Chapter 25. Expanding Your Data Warehouse with Unstructured Data
In This Chapter
Recognizing the limits of today's data warehousing
Getting data through multimedia
Looking at business intelligence and unstructured data
Going from unstructured information to structured data
Today's data landscape now encompasses a dizzying array of new information channels, new sources of data, and new analysis and reporting imperatives. According to analyst groups, nearly 80 to 85 percent of today's data is unstructured, and new information channels such as Web, e-mail, voice over IP, instant messaging (IM), text messaging, and podcasts are rapidly creating huge stores of nontraditional data. Data from any of these sources will be requested from your users to be integrated into your data warehouse.

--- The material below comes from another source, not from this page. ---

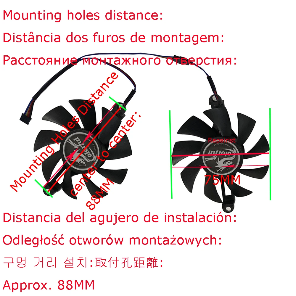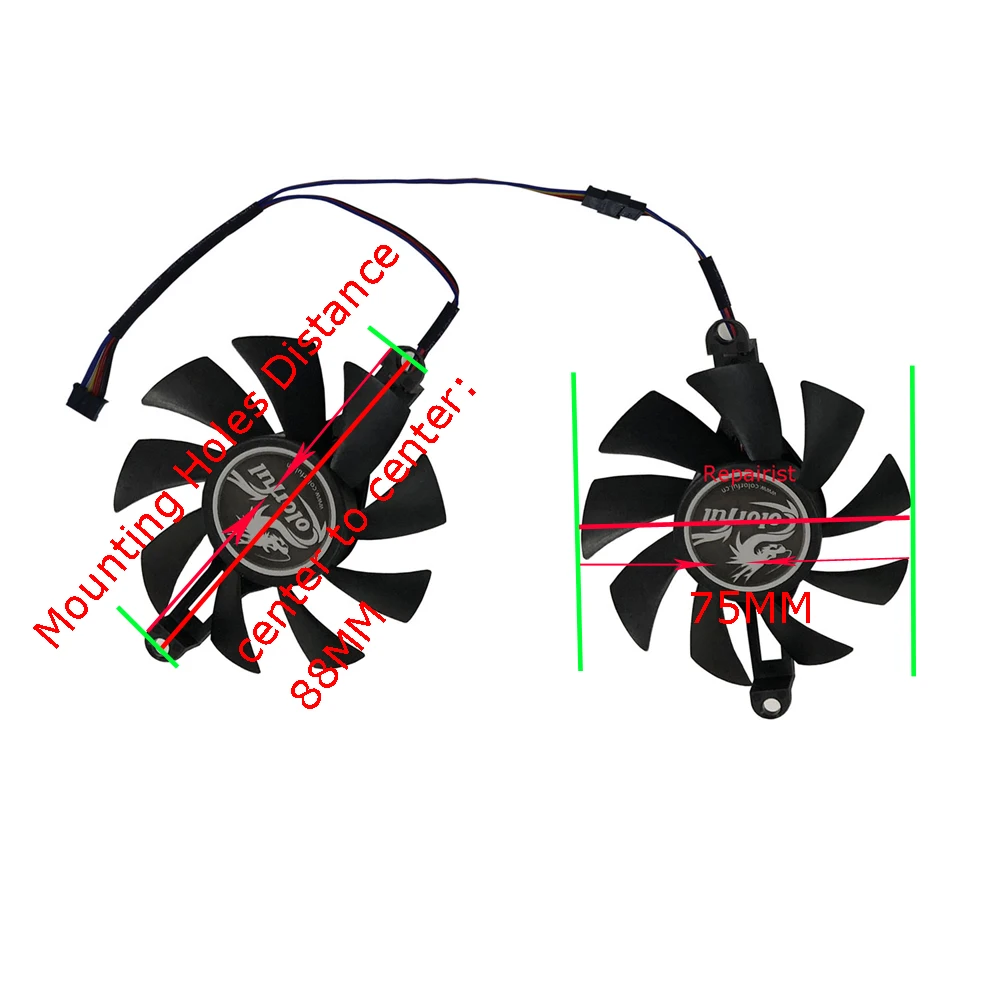 El paquete incluye:Comprar Ventilador de tarjeta gráfica de vídeo, refrigeración de vídeo VGA GPU, 75MM,88mm, agujeros de montaje de paso, para Colorful GTX 1060 GAMING V5 A B, 2 unidades por juego
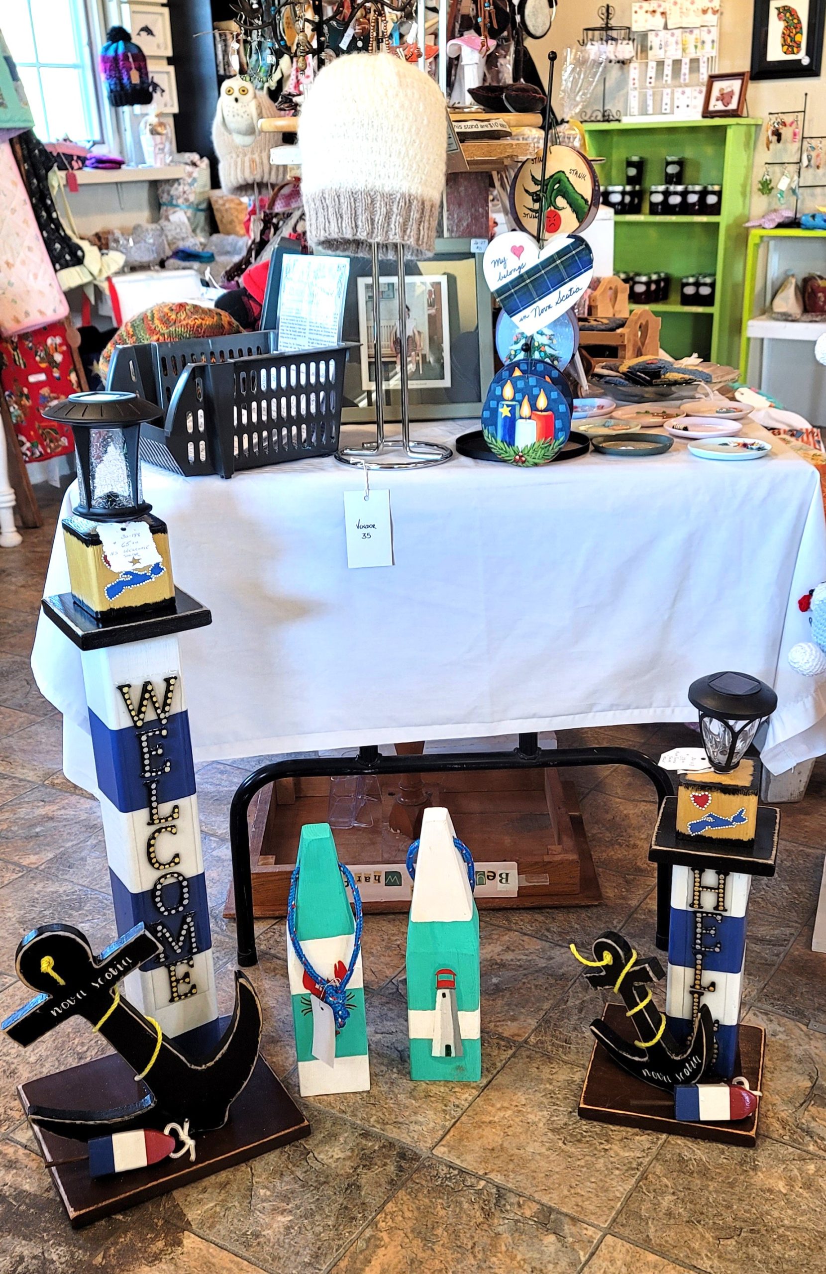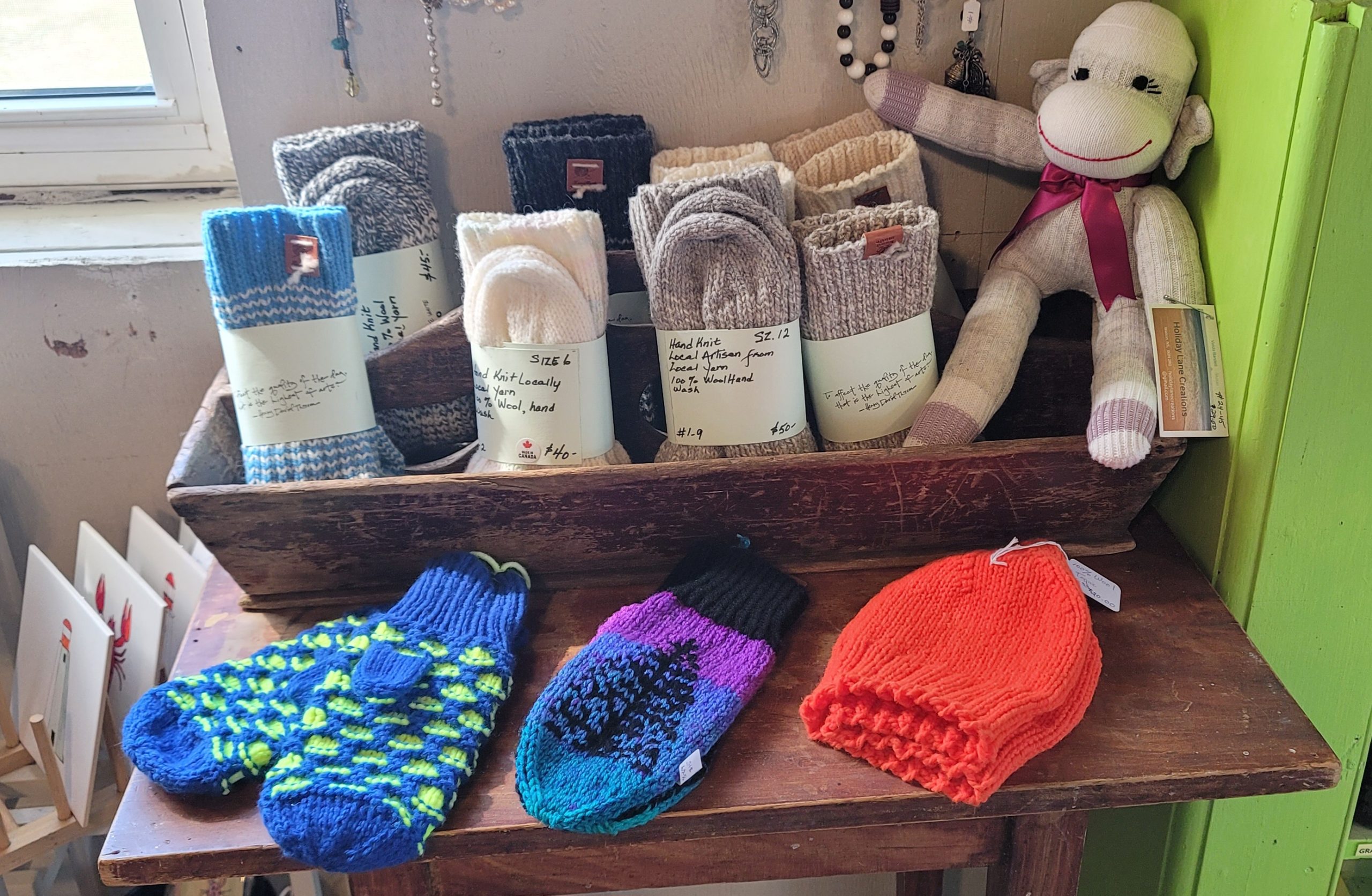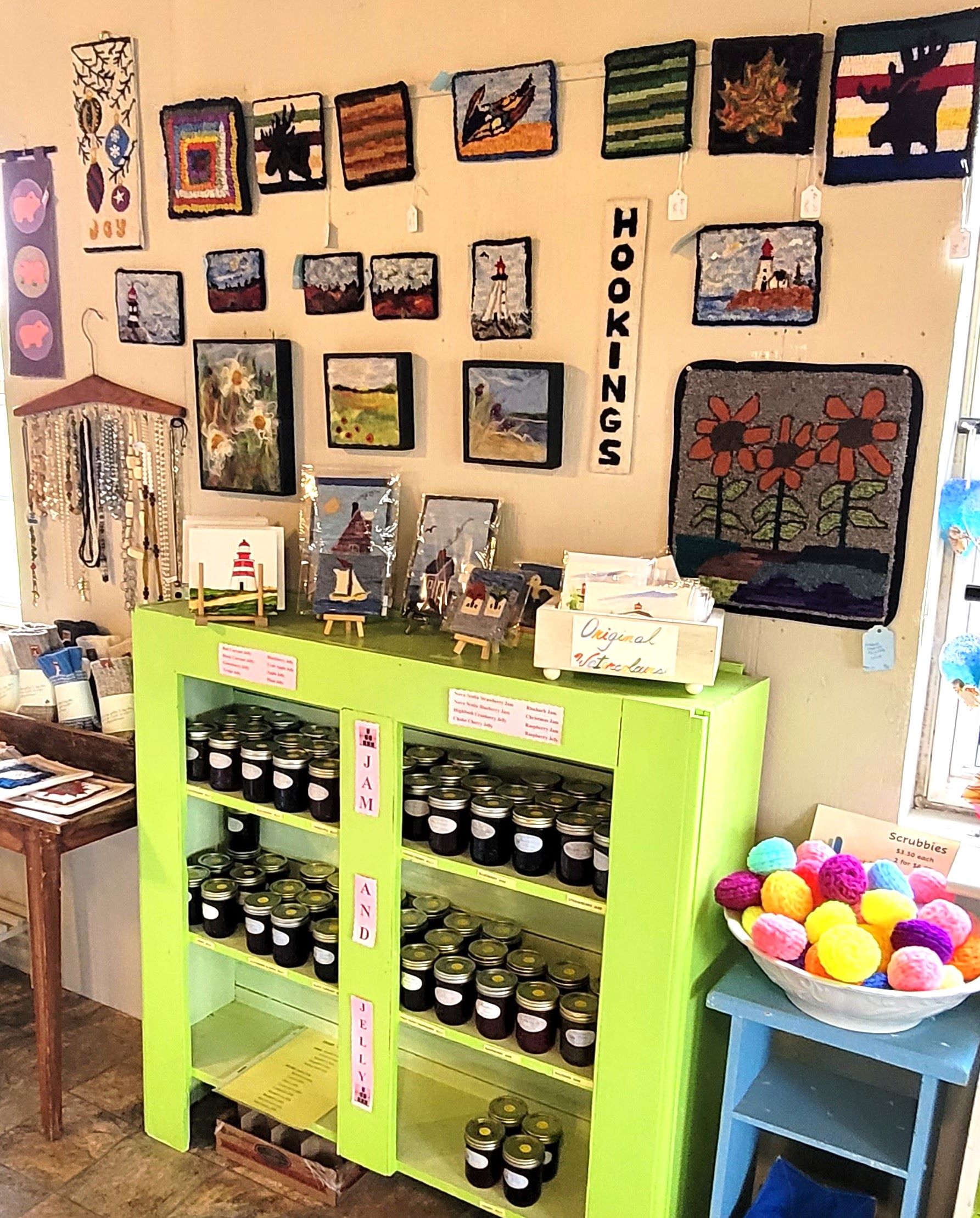 An emporium of locally handcrafted items including collectibles, pottery, stained & fused glass, and all-natural body care products. Fibre arts such as rug hooking & felting, weaving, knit & crochet and wool socks. You’ll also find art cards and wooden decor along with delicious Nova Scotia oatcakes, jams, pickles & jellies, local honey and beeswax related items.

Traditional Data Warehousing Means Analyzing Traditional Data Types
Unless you've used an extraordinary, state-of-the-art data warehouse, your business intelligence functionality has probably been limited to these types of data:
Numbers: Numeric data in the technical form of integers and decimal numbers
Text: Character data, typically fixed-length alphanumeric information that's rarely more than about 255 characters per occurrence, although (very rarely) it might go up to 4,000 characters
Dates and times: Either actual dates and times or, more likely, ranges of dates (such as a month and year for which product sales are grouped and stored)
That's about it.
To be fair, data warehousing in its original incarnation, ...